Orchestrators are complex and difficult to develop locally due to their complex trigger actions. To improve performance, invest in tools that allow for fast feedback loops, error identification, and a local environment that is developer friendly. Retry and fallback logic are essential for handling failures in a complex data stack, ensuring data integrity and system reliability. Idempotent pipelines set up scenarios for retrying operations or skipping and alerting the proper parties. Parameterized execution allows for more malleability in orchestration, allowing for multiple cases and reuse of pipelines. Lineage refers to the path traveled by data through its lifecycle, and a robust lineage solution is crucial for debugging issues and extending pipelines. Column-level lineage is becoming an industry norm in SQL orchestration, and platform-integrated orchestration solutions like Databricks Unity Catalog and Delta Live Tables offer advanced lineage capabilities. Pipeline decomposition breaks pipelines into smaller tasks for better monitoring, error handling, and scalability. Building autonomous DAGs can mitigate dependencies and critical failures, making it easier to build and debug workflows.

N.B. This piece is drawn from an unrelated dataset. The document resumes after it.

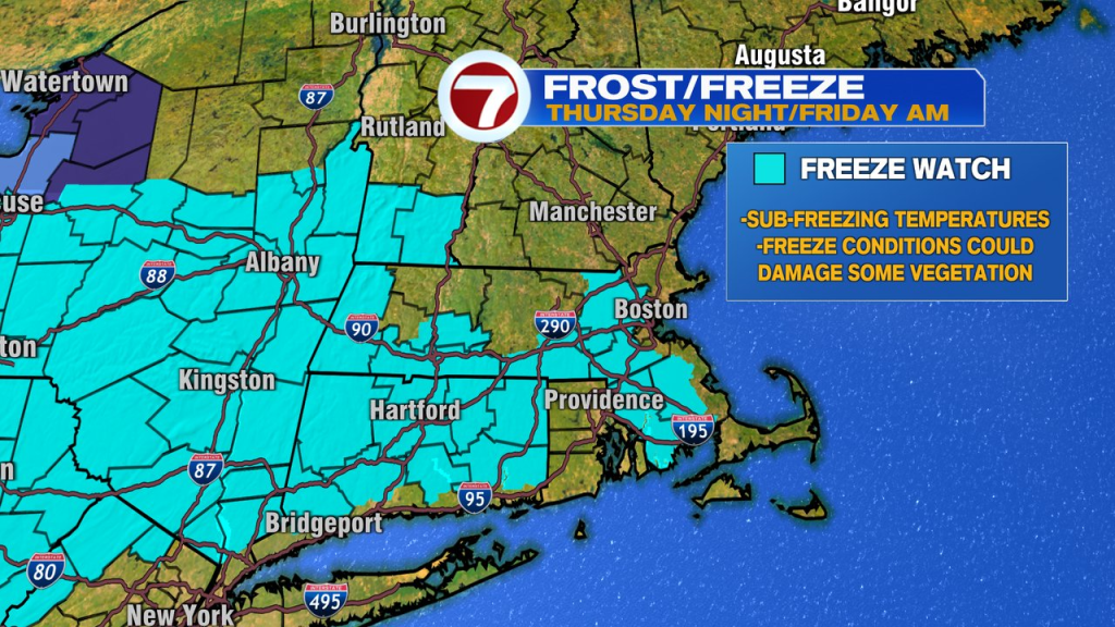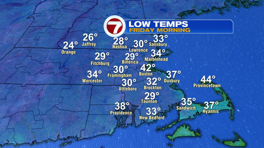 The coldest air of the season settles in tomorrow night with Friday morning lows starting off in the upper 20s and low 30s for many. A freeze watch is up for interior eastern Mass, where the growing season is ongoing, but will likely end. No freeze watch is up deeper inland because the growing season is already done, although, it’ll be just a cold there.

The evolution of transformation tools, such as containerized infrastructure and hybrid tools like Prefect and Dagster, may change the landscape of data teams. These tools can save time and resources, enabling better observability and monitoring within data warehouses. Emerging tools like SQLMesh may challenge established players like dbt, while plug-and-play solutions like Databricks Workflows are becoming more appealing. These developments will enable data teams to deliver quality data in a timely and robust manner.

 The history of data engineering has evolved from big data frameworks like Hadoop and MapReduce to streamlined tools like Spark, Databricks, BigQuery, Redshift, Snowflake, Presto, Trino, and Athena. Cloud storage and transformation tools have made data more accessible, and lakehouses have offered a cost-efficient, unified option for managing data at scale. This evolution has led to a more accessible and efficient data management landscape.

Data transformation environments vary, with common environments being data warehouses, data lakes, and lakehouses. Data warehouses use SQL for transformation, while data lakes store large amounts of data economically. Lakehouses combine aspects of both, offering flexibility and cost-effectiveness. Databricks SQL is a serverless data warehouse that sits on the lakehouse platform. The choice between these environments depends on project needs, team expertise, and long-term data strategy.

Data staging is a crucial process in data transformation, often written in a temporary state to a suitable location, such as cloud storage or an intermediate table. Medallion architecture preserves data history and makes time travel possible. It comprises three distinct layers: Bronze for raw data, Silver for light transformation, and Gold for "clean" data. Bronze data is raw and unfiltered, Silver data is filtered, cleaned, and adjusted, and Gold data is stakeholder-ready and sometimes aggregated. This approach can be used in a lake or warehouse, breaking down each storage layer into discrete stages of data cleanliness.

Data transformation is largely influenced by the tools available, with Python being a popular choice in the digital era. Python's Pandas library is at its core, and it has evolved significantly in data processing. However, scaling Python for large datasets has been challenging, often requiring libraries like Dask and Ray. Python-based data processing is a renaissance, with Rust emerging. To transform data in Python, choose a suitable library and framework, such as Pandas or emerging libraries like Polars and DuckDB. SQL, a declarative language, can be used as a declarative or imperative language, but is limited by a lack of functionality. Languages like Jinja/Python and JavaScript often complement SQL workflows. Rust, a new transformation language, is considered the future of data engineering, but Python has a solid foothold due to its community support and library ecosystem.

Transformation frameworks are multilanguage engines for executing data transformations across machines or clusters, enabling transformations to be manipulated in various languages like Python or SQL. Two popular engines are Hadoop and Spark. Hadoop, an open-source framework, gained traction in the mid-2000s with tech giants like Yahoo, Facebook, and Google. However, its MapReduce was not well-suited for real-time or iterative workloads, leading to the rise of Apache Spark in the early 2010s. Spark, a powerful open-source data processing framework, revolutionized big data analytics by offering speed, versatility, and integration with key technologies. Its key innovation is resilient distributed datasets (RDDs), enabling in-memory data processing and faster computations. With the rise of serverless data warehouses, big data engines may no longer be necessary, but query engines like BigQuery, Databricks SQL, and Redshift should not be disregarded. Recent advancements in in-memory computation may continue to expand data warehouses' transformation capabilities.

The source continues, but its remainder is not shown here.